Besonders frustrierend: Regelkonformes Verhalten wie das Fahren auf der Straße bei nicht-benutzungspflichtigem Radweg wird oft fälschlicherweise als Regelverstoß gewertet. Die Folge sind Konflikte oder Nötigungen bis hin zu bewusst lebensgefährdenden Überholmanövern. Während die Zahl der im Straßenverkehr getöteten Menschen insgesamt abnimmt, verunglücken mehr und mehr Radfahrer:innen und Fußgänger:innen tödlich. In Halle sind über 80% der Verkehrstoten per Rad oder zu Fuß unterwegs. (Vorsicht: Der E-Bike-Boom und die generelle Zunahme des Radverkehrs hat hierauf starke Auswirkungen! Der Trend ist nicht sicher Folge der Gewalt.)

Dabei sind auch viele Radfahrer:innen nicht immer regelkonform unterwegs. Darunter sind viele Personen, die sich im Straßenverkehr unsicher fühlen – sie weichen oft auf den Bürgersteig aus. Gefährliche Verstöße und rücksichtslose Fahrweisen kritisieren wir strikt. Sie stehen mit unserem Engagement für ein rücksichtsvolles, faires Miteinander. Wir setzen uns ein für eine Infrastruktur, in der Radfahrende sich bei regelkonformer Fahrweise sicher fühlen können.

Fahrraddiebstahl

Auch in Sachsen-Anhalt ist Fahrraddiebstahl ein massives Problem. Die Diebstahls-Statistik gibt Anlass zum Handeln. Der Deliktsbereich sollte politisch und polizeilich eine höhere Priorität erhalten, denn wer ein Fahrrad stiehlt, beraubt damit jemanden der persönlichen Mobilität und somit Freiheit. Fahrraddiebstahl macht vor Grenzen nicht Halt.
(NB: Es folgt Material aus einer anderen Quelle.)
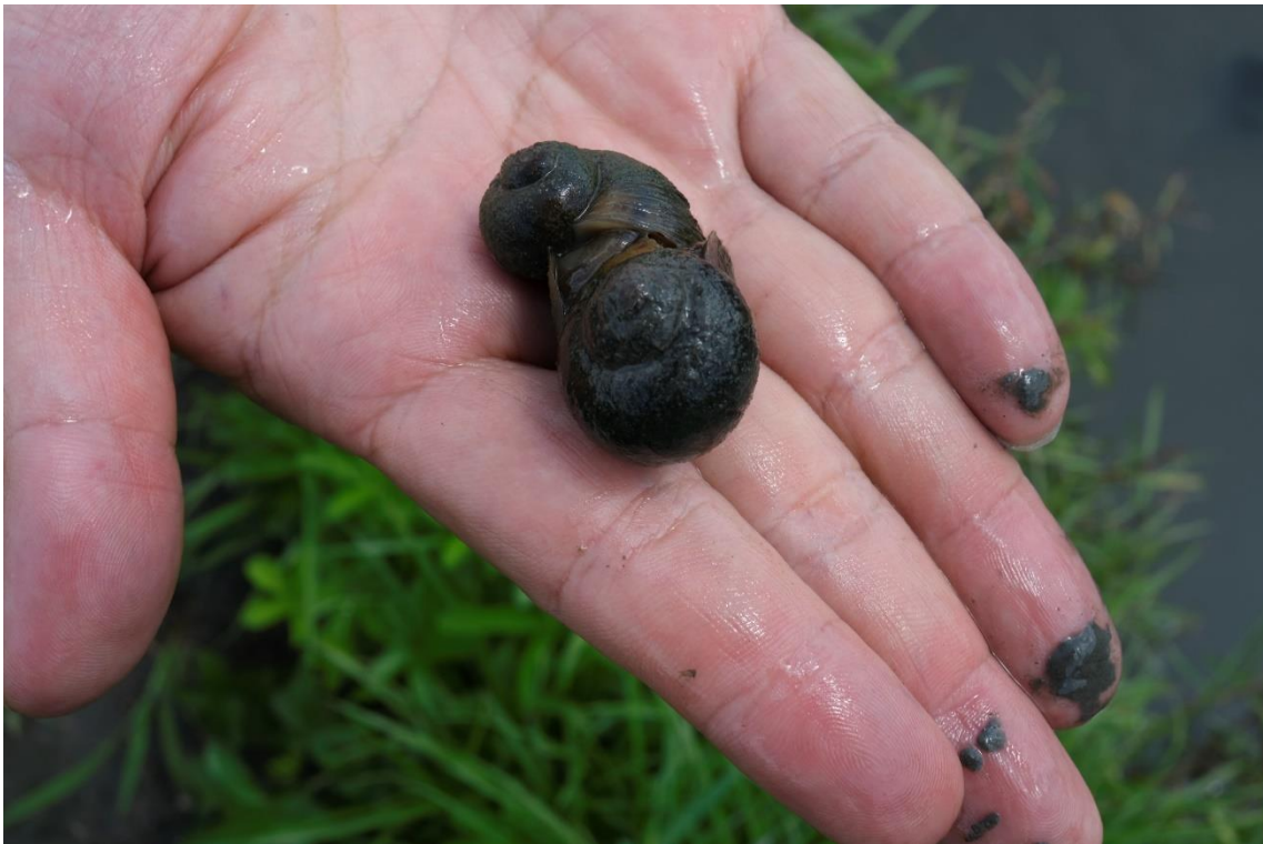
写真 24 これがジャンボタニシです。ある程度稲が生長すると、ジャンボタニシは稲を食べなくなり、田圃の害虫を食べてくれます。なので、うまくつきあうと頼もしい存在なのです。でも、気候変動で生長時期に気温が高くなると、被害が大きくなります。

Wir fordern daher ein europäisches oder zumindest bundesweit vernetztes, digitales Diebstahlskataster, damit die Polizei gestohlene Gefährte grenzüberschreitend aufspüren und ggf. kriminelle Strukturen nachverfolgen kann. Dabei sind wir uns der grundsätzlichen und technischen Probleme bewusst, die der Polizei die Aufklärung erschwert.

Deshalb appellieren wir an alle, ihre Räder selbst gut zu schützen. Ratsam sind die Sicherung mit zwei unterschiedlichen Schlössern, eine Versicherung gegen Diebstahl, der bundesweite Fahrradpass, ein Eintrag in der Web-Datenbank Fahrradnummer.de sowie eine Codierung. Diese gibt es als Rahmen-Gravur oder einfach als Aufkleber.